The white population of England and Wales has shrunk in the last decade. According to the Office for National Statistics - UK's largest independent producer of official statistics, 81.7 per cent of residents in England and Wales identified their ethnic group as white on Tuesday, the day of the 2021 census, which is down from 86.0 per cent a decade earlier, reported The Independent.


"Asian, Asian British or Asian Welsh" emerged as the second most common ethnic group at 9.3 per cent, up from 7.5 per cent in 2011.


"Today’s data highlights the increasingly multi-cultural society we live in," Jon Wroth-Smith, Census Deputy Director was quoted as saying by The Independent after the release of the data.

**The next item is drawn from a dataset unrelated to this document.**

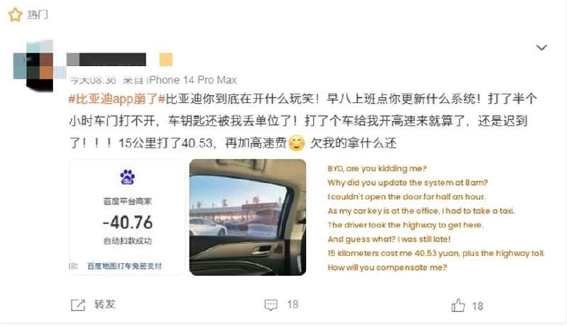 ΠΡΠΎΠ±Π»Π΅ΠΌΡ Π½Π°Π±Π»ΡΠ΄Π°Π»ΠΈΡΡ Π² ΡΠ΄Π°Π»Π΅Π½Π½ΠΎΠΉ ΡΠ°Π·Π±Π»ΠΎΠΊΠΈΡΠΎΠ²ΠΊΠ΅, Π³ΠΎΠ»ΠΎΡΠΎΠ²ΠΎΠΉ Π°ΠΊΡΠΈΠ²Π°ΡΠΈΠΈ ΠΈ ΠΏΠΎΠ΄ΠΊΠ»ΡΡΠ΅Π½ΠΈΠΈ ΠΊ ΠΈΠ½ΡΠ΅ΡΠ½Π΅ΡΡ. ΠΡΠ΅Π΄ΡΡΠ°Π²ΠΈΡΠ΅Π»Ρ ΡΠ»ΡΠΆΠ±Ρ ΠΏΠΎΠ΄Π΄Π΅ΡΠΆΠΊΠΈ ΠΊΠ»ΠΈΠ΅Π½ΡΠΎΠ² BYD ΡΠΎΠΎΠ±ΡΠΈΠ», ΡΡΠΎ ΠΏΡΠΎΠΈΠ·ΠΎΡΠ΅Π» ΡΠ±ΠΎΠΉ Π² ΠΎΠ±ΡΠ»ΡΠΆΠΈΠ²Π°Π½ΠΈΠΈ, Π½ΠΎ ΠΎΠ½ Π±ΡΠ» Π±ΡΡΡΡΠΎ ΡΡΡΡΠ°Π½Π΅Π½. ΠΠΎ Π΄Π°Π½Π½ΡΠΌ Π½ΠΎΠ²ΠΎΡΡΠ½ΠΎΠ³ΠΎ ΠΏΠΎΡΡΠ°Π»Π° ThePaper, ΠΏΡΠΈΡΠΈΠ½ΠΎΠΉ ΡΡΠ°Π» ΡΠ±ΠΎΠΉ Π² ΡΠΈΡΡΠ΅ΠΌΠ΅ ΠΎΠ±Π»Π°ΡΠ½ΠΎΠ³ΠΎ ΡΠ΅ΡΠ²ΠΈΡΠ°.

It is also for the first time in a census of England and Wales that less than half of the population, 46.2 per cent, have described themselves as "Christian". This is a 13.1 percentage point decrease from 2011.


While the number of people following Islam has increased from 4.9 per cent to 6.5 per cent, the number of Hindu residents have also multiplied and is now 1.7 per cent compared to 1.5 per cent in the last census.


Interestingly, 37.2% of people – 22.2 million – declared they had "no religion", which was the second most common response. The increase in the proportion of people reporting no religion has risen by 12.0 percentage points in the last decade, according to the census.


“We have left behind the era when many people almost automatically identified as Christian but other surveys consistently show how the same people still seek spiritual truth and wisdom and a set of values to live by,” responded the archbishop of York, Stephen Cottrell after the release of the census, reported The Independent.


London remains England's most religiously diverse region, with 25.3 per cent people reporting a religion other than Christianity. While South-west England is the least religiously diverse with only 3.2 per cent selecting a religion other than Christianity.


According to the census, Leicester and Birmingham have become the first UK cities to have "minority majorities," reported The Guardian.